The following list contains GemBox.Document API members that are, currently, not supported when exporting to PDF, XPS and image formats:
- ViewOptions class.
- WriteProtection class.
- CharacterFormat properties:
- TextWrappingStyle fields Through and Tight.
- BorderStyle fields Triple, Wave and DoubleWave.
- UnderlineType fields Wave and DoubleWave.
- Bar field.
- PenCompoundType fields.
- EffectPadding property.
Support for these members will be added in future versions of GemBox.Document based on customer feedback.
Support for ISO-standardized versions of the Portable Document Format (PDF)
GemBox.Document supports writing to PDF/A, the ISO-standardized version of the Portable Document Format (PDF) specialized for long-term archiving of electronic documents.
The following list contains conformance levels that are currently supported when exporting to PDF format:
Support for Partially Trusted applications
Most of the Internet Service Providers restrict hosted ASP.NET applications to Medium Level Trust and by doing so, disable accessing files outside the application directory, among other things, as explained in trust Element (ASP.NET Settings Schema) level Attribute.
GemBox.Document support for Partially Trusted applications depends on the used file formats as follows:
- Word Document (DOCX), Word 97-2003 Document (DOC), HyperText Markup Language (HTML), Rich Text Format (RTF) and Plain Text (TXT) are fully supported in Partially Trusted applications.

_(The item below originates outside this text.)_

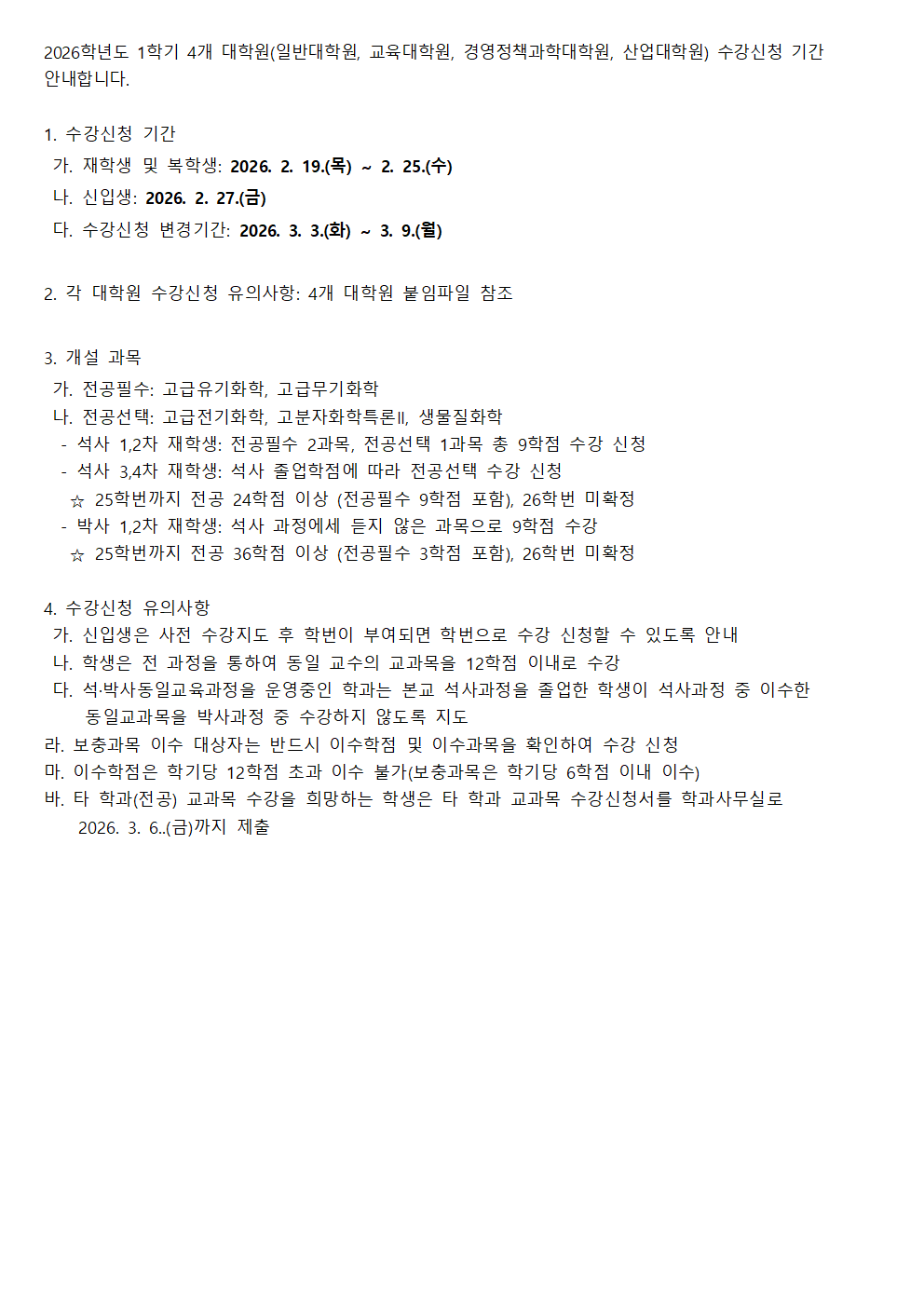 fnctId=bbs,fnctNo=562 [대학원] 2026학년도 1학기 일반대학원 수강신청 안내 작성일 2026.02.18 작성자 진미영 조회수 200 첨부파일 4개 대학원 수강신청 유의사항 안내.hwp 타 학과 타 전공과목수강 신청서.hwp

- Adobe Portable Document Format (PDF) is supported in Partially Trusted applications if font location is set to a directory that is available to the Partially Trusted application.
Setting the font location directory is necessary for Partially Trusted applications because they can only access files inside the application directory, and font files are, by default, located in C:\Windows\Fonts, which is restricted to Partially Trusted applications. For more information on how to set font location directory, see Private Fonts sample. Font files are, usually, copyrighted, so make sure you conform to the font license, before copying a font file to another location.
- Microsoft XML Paper Specification (XPS) is not supported in Partially Trusted applications because ReachFramework.dll assembly, where most of the XPS implementation resides, is not decorated with AllowPartiallyTrustedCallersAttribute.
- Creating a digitally signed PDF file is not supported in Partially Trusted applications because ComputeSignature() does not work in partial trust.
- Image formats (PNG, JPEG, GIF, BMP, TIFF, WMP) are not supported in Partially Trusted applications because BitmapEncoder class and its derived classes, used for writing image data to the specific image file format, do not work in partial trust.
- Printing is not supported in Partially Trusted applications because it uses XPS infrastructure.
- Charts are not supported in Partially Trusted applications because they rely on reflection.